Moltmann and the Annihilation of Hell

Jurgen Moltmann in his foreward of Nicholas Ansell’s The Annihilation of Hell – Universal Salvation and the Redemption of Time in the Eschatology of Jurgen Moltmann:

20150213_200619“A foreward is not an afterward and also not a critical review.  A foreward should open the door and point out the worth of a book so that it can be properly read and discussed.  Nicholas Ansell’s book on The Annihilation of Hell and Universal Salvation is so far-reaching and profound a theological and philosophical work that a brief foreward can’t really do it justice.  I’ll limit myself here to some biographical references, a few factual observations, and then an attempt to bring the theology of grace and the theology of faith into a theological dialogue.

Any theology of grace will be oriented for God’s sake to the universal triumph of grace.  Any theology of faith, however, will start from the human decision of faith and will result in the separation of believers from unbelievers.  The universalism of salvation, on the one hand, and the particularism of faith on the other hand, are on two different levels.  What is important is to closely connect them.
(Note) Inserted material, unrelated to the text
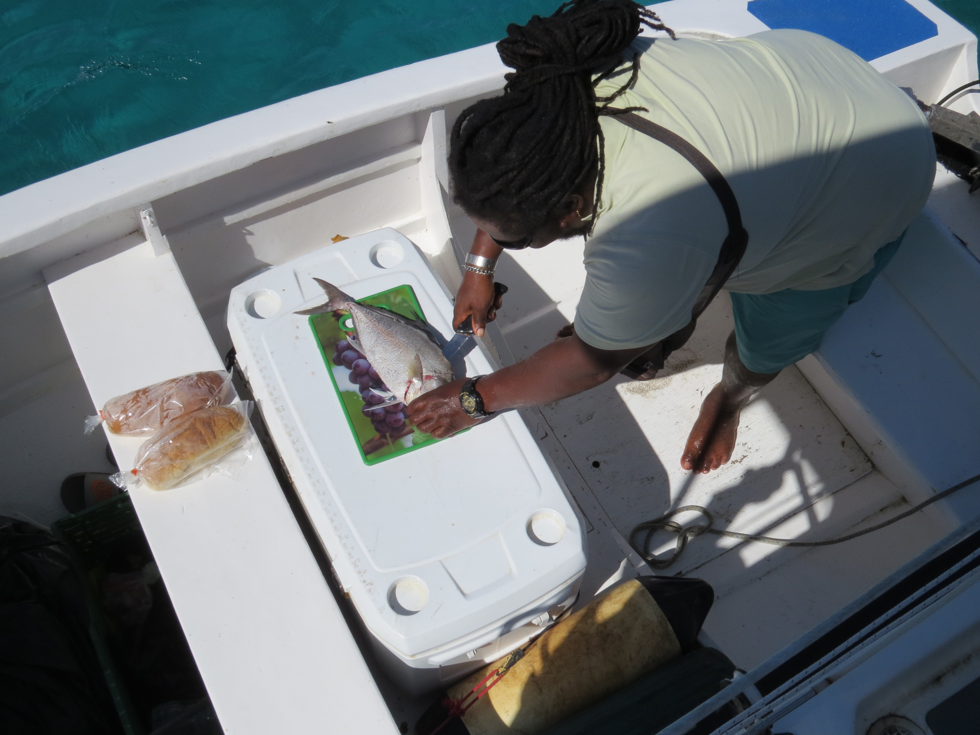 Boat boys pass by in their boats selling bread, fish, fruit and veggies.
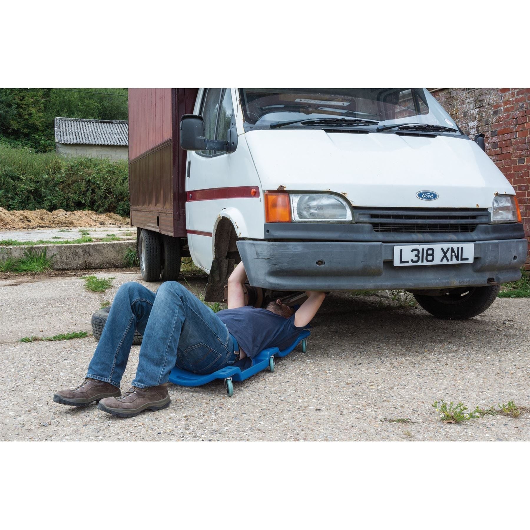 Rigid PVC construction with six multi directional castors for easy movement. Moulded back for user comfort with magnetic tool trays...

Since my theology studies in Gottingen, where I wrote my dissertation in 1952 on the “hypothetical universalism” of the Calvinist theologian Moyse Amyraut, who taught at the theological Academy of Saumer in the 17th century, the idea of universalism has not let go of me.  Amyraut’s idea, that the universal offer of grace is merely hypothetical until faith grasps it, I considered inadequate.  Then I read Karl Barth’s new doctrine of election which appeared in his Church Dogmatics 2/2 and became convinced by his theology of the cross:  On the cross of Christ, God took the guilt of sinners upon himself in order to give them his gift of grace.  I continued to think through this dialectical universalism of salvation and found in Christ’s resurrection from the dead the beginning of the destruction of death and thereby “the annihilation of Hell.”  Many Easter hymns in the German Lutheran hymnal celebrate the “destruction of Hell” by means of Christ’s descent into Hell and resurrection from Hell.  In the Orthodox Easter liturgy, the destruction of Hell through Christ is also celebrated.  Those who descend into Hell should “abandon all hope” according to Dante.  But the Christ who descended into Hell is the “hope of the hopeless” (spes desperatis).
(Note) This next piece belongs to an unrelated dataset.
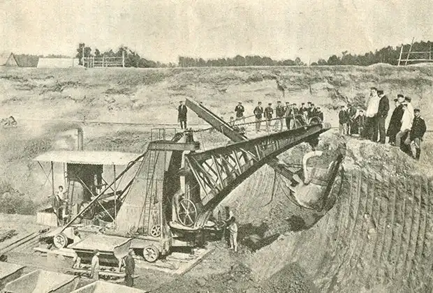 Землеройная машина на строительстве Московской окружной железной дороги, начало 20 века:
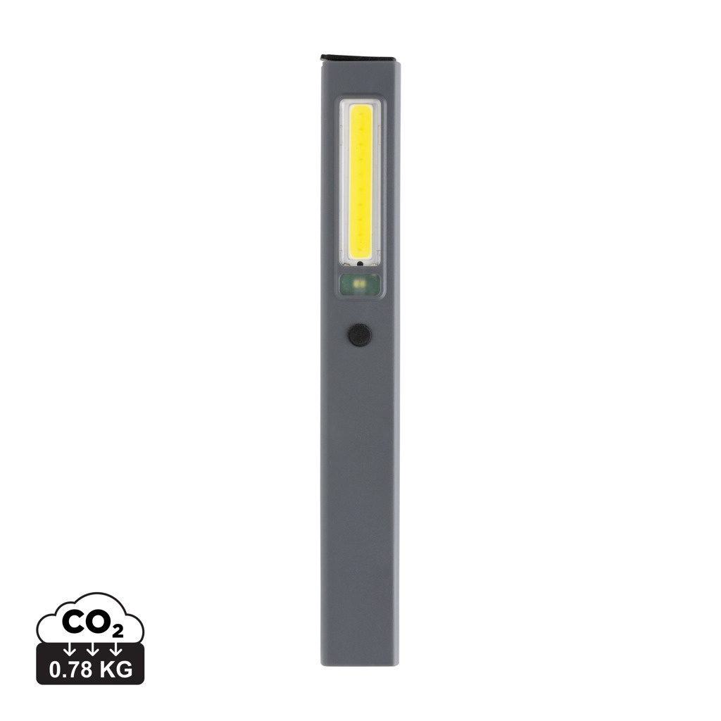 Taskumõõdus kontrollvalgusti, mis on valmistatud RCS-sertifikaadiga taaskasutatud ABS-plastist. Taaskasutatud kogusisu: 33% kauba kogumassist. RCS-sertifikaat tagab taaskasutatud materjalide täielikult sertifitseeritud tarneahela. Töötuli kasutab taaslaetavat A-klassi 520 mah liitiumakut, nii et patareisid pole vaja vahetada. Laadige lihtsalt oma USB-pesa kaudu uuesti. Töövalgustiga on kaasas 220 luumenine COB valgusti ja 80 luumenine LED valgus. 3 režiimiga: LED, COB ja COB punane. Klambriga vöö või tasku külge kinnitamiseks ja magnetiga. C-tüüpi pordiga laadimiseks. Tööaeg ühe laadimisega: 3 tundi.

I then took up an old desire of Karl Barth and Helmut Gollwitzer, namely to reform the doctrine of the LAst Judgment from the perspective of the crucified one who will come to judge the living and the dead.  Here I had the Old Testament notion of “divine judging” for help.  According to Psalm 96, God will come to judge the earth, and the earth will rejoice and the fields will make merry.  In this instance, “judge” means raise up, set straight, heal, and bring to life.  How could it be otherwise in the Christian anticipation of God’s Final Judgment and coming kingdom!  In fact the so-called “Final Judgment” is penultimate; what is truly final is the new, eternal creation in which God becomes “all in all” (1 Cor 15:28).

At this point another thought came to me:  with the forgiveness of sins and the overcoming of death, God is concerned primarily with the expulsion of the godless powers of evil, of sin, of death, and of Hell from his beloved creation.  Isn’t our question as to whether all or only a few will be saved not an anthropocentric and in many cases even a selfish one?  For God, it is about God’s glorification of all his creatures.  The salvation of the new humanity is only a part of this.  If we look to the glory of God, then the universalism and particularism of human salvation are relativised.  The “annihilation of Hell” is an action of the cosmic Christ, whose reign is universal.  “Universal salvation” is only the human part of the “salvation of the universe.”

I must stop here, since I’m only writing a forward.  But you can see how stimulating this study by Nicholas Ansell has been for me.  I hope the same holds true for his other readers.  There is much to be gained by considering this work and then thinking further on one’s own.”

Jurgen-MoltmannJurgen Moltmann speaking at the BMS Catalyst Live event held in Reading, UK.  This was the day I shook his hand and asked him how he was.  His lecture there is unconnected to this blog post here.  And in case you are wondering, he said he was fine and appreciated me asking him!